Снегопад, начавшийся днем, становился все сильней. Воздух будто застыл. Снег падал ровно, густо, отвесно. Плотный и влажный, он тяжелой массой ложился на дома, авто, театральные тумбы и фонарные столбы, искажая контуры предметов, лохматой собачьей шапкой нахлобучивался на головы людей, толстой попоной покрывал лошадиные спины. Впрочем, на улице было почти безлюдно. Редкие извозчики тащились еле-еле, лениво постегивая лошадей, вязнущих в пористых губчатых сугробах. Не было видно ни зги. Фонари, пытаясь пробиться сквозь стену снега, источали тощий бесполезный свет. На углу Тверской и Камергерского образовался чудовищный затор. Столкнулись два авто, полностью перекрыв движение. Из-за аварии три извозчика и еще одно авто не смогли проехать к Художественному театру.

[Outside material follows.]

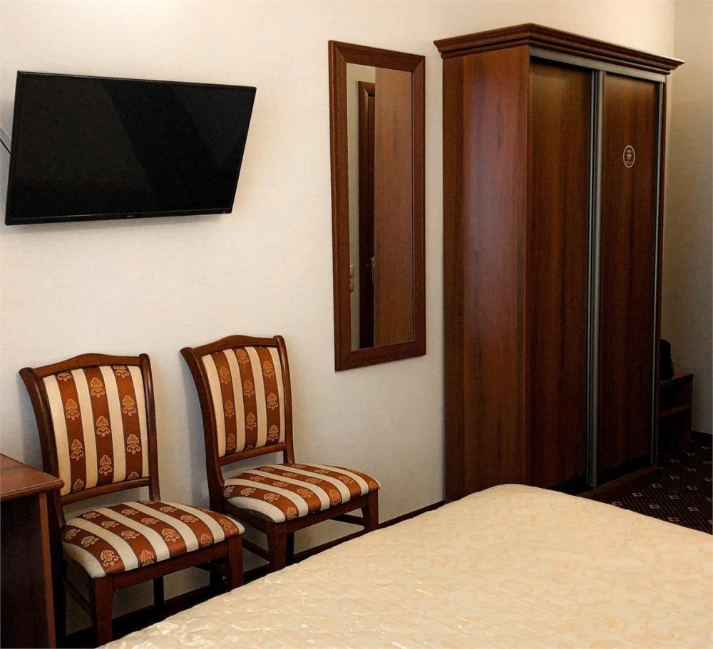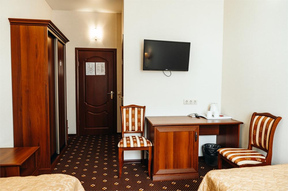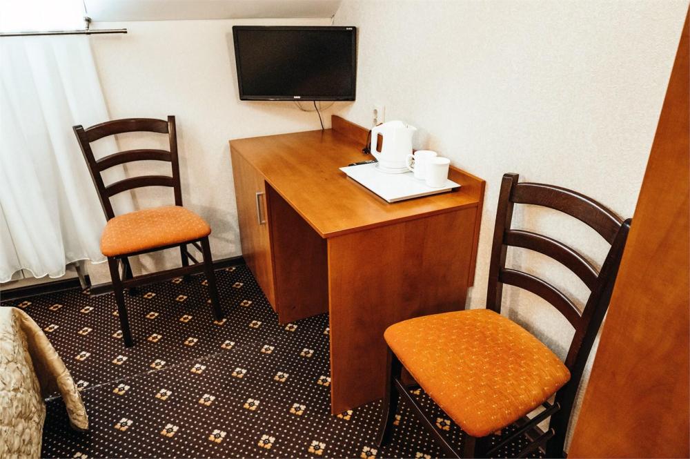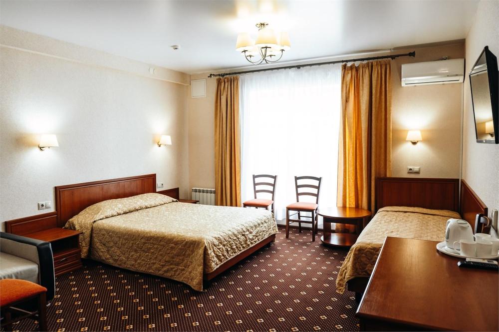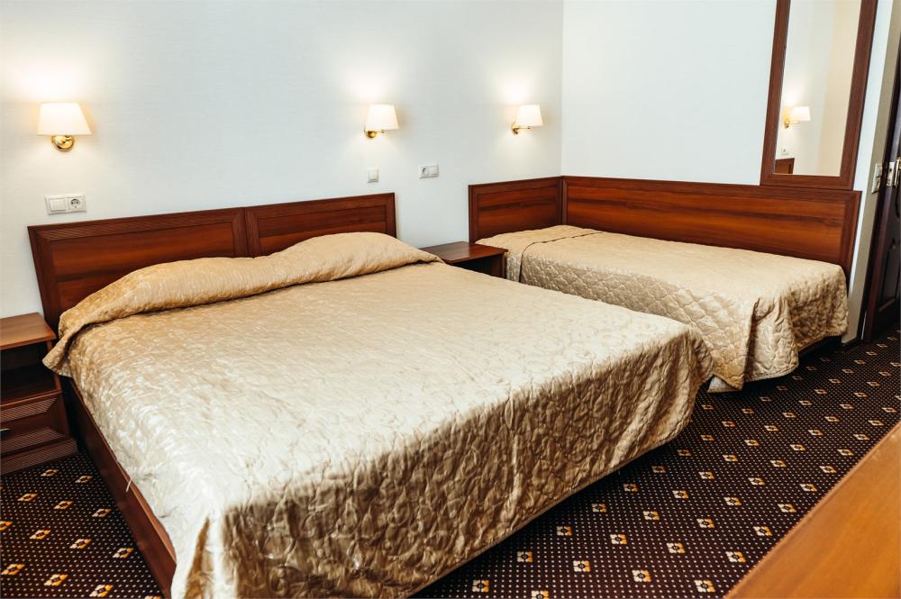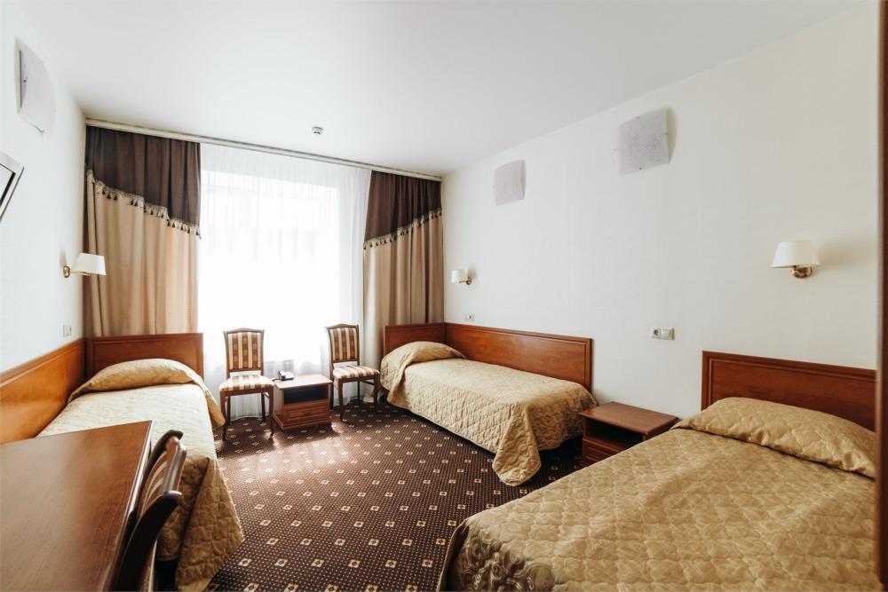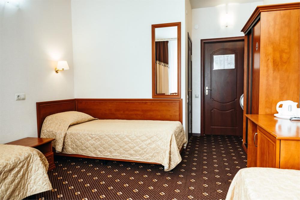 Комфортный однокомнатный номер с тремя односпальными кроватями, рассчитанный на проживание нескольких постояльцев. Номер пользуется большим спросом у командированных, а также групп школьников в дни школьных каникул.

Репортер «Московского муравейника», оказавшийся поблизости, наблюдал эту сцену и, зайдя в ближайший трактир и спросив рюмку водки, тут же написал корреспонденцию, в которой пенял московским властям на то, что те «игнорируют автомобильный вопрос», и утверждал, что «количество авто скоро достигнет такой цифры, что главные артерии Первопрестольной окажутся закупорены». Корреспонденция заканчивалась фразой: «Извозчики ругались страшными словами».

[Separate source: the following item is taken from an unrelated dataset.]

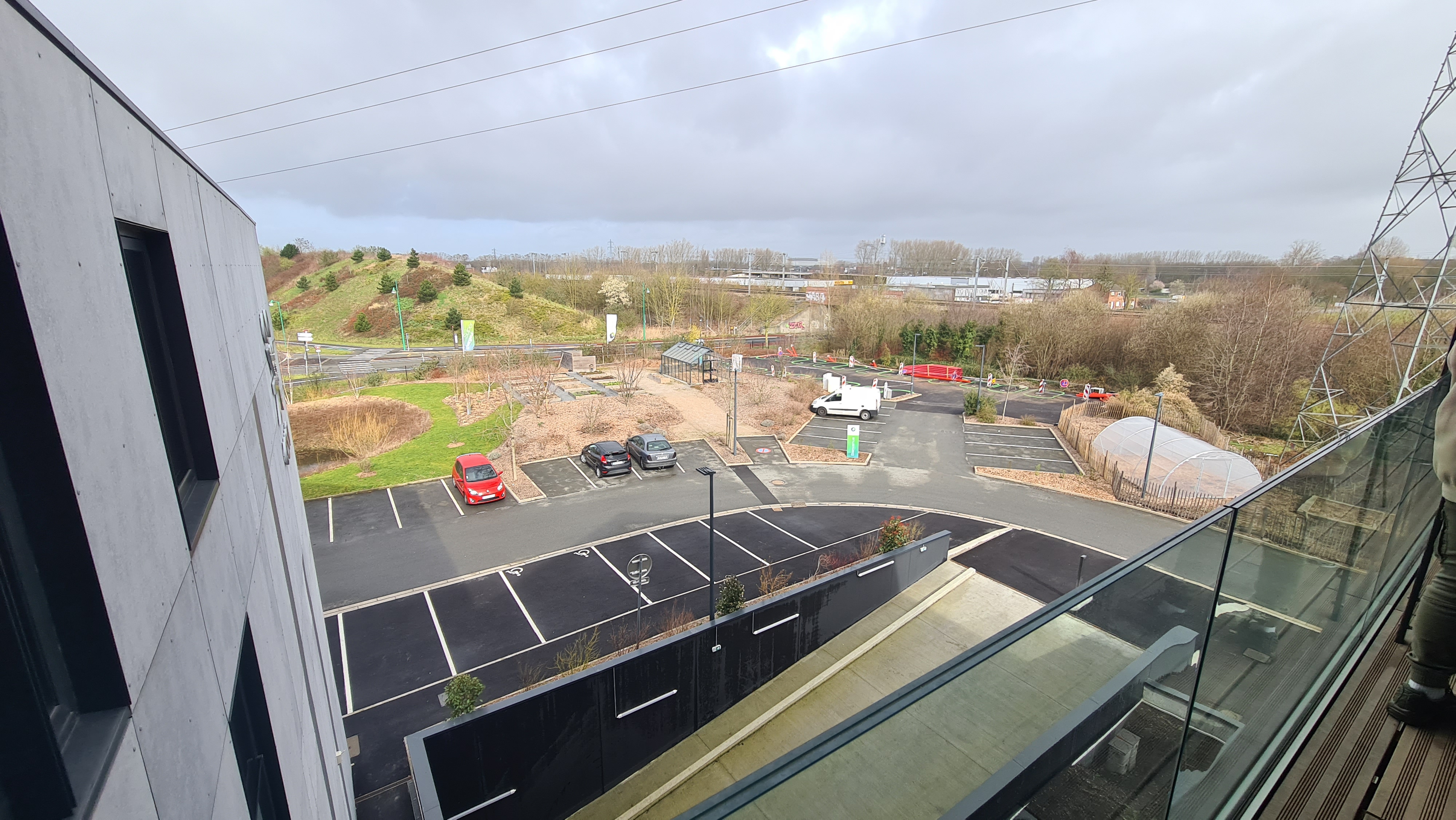 Lieu moderne de coworking. Chargeurs de voitures électriques sur le parking.

Ожогин стоял у арки недолго, но снег успел густо засыпать его непокрытую голову и плечи. Он ничего не замечал, с нервическим напряжением всех чувств ожидая того момента, когда увидит Эйсбара. Он не думал о том, сколько придется ждать. Его рука, глубоко засунутая в карман пальто, сжимала маленький серебряный пистолет с изумрудом на рукоятке.
Он вышел из дома час назад, забыв надеть шапку, и, не ощущая холода, пошел в сторону Якиманки. Никто не встретился на его пути. Впрочем, столкнись кто-то из знакомых с ним на улице в этот час, то вряд ли в такой хмари разглядел бы его лицо. Он не подумал о том, что может воспользоваться собственным авто, таксомотором или извозчиком. Шел пешком — нагнувшись вперед, всей своей громоздкой фигурой и крутым лбом упрямо раздвигая снежный морок, с трудом переставляя ноги, тонувшие в вязких сугробах. Он шел убивать Эйсбара, сам себе не отдавая отчета в том, что делает.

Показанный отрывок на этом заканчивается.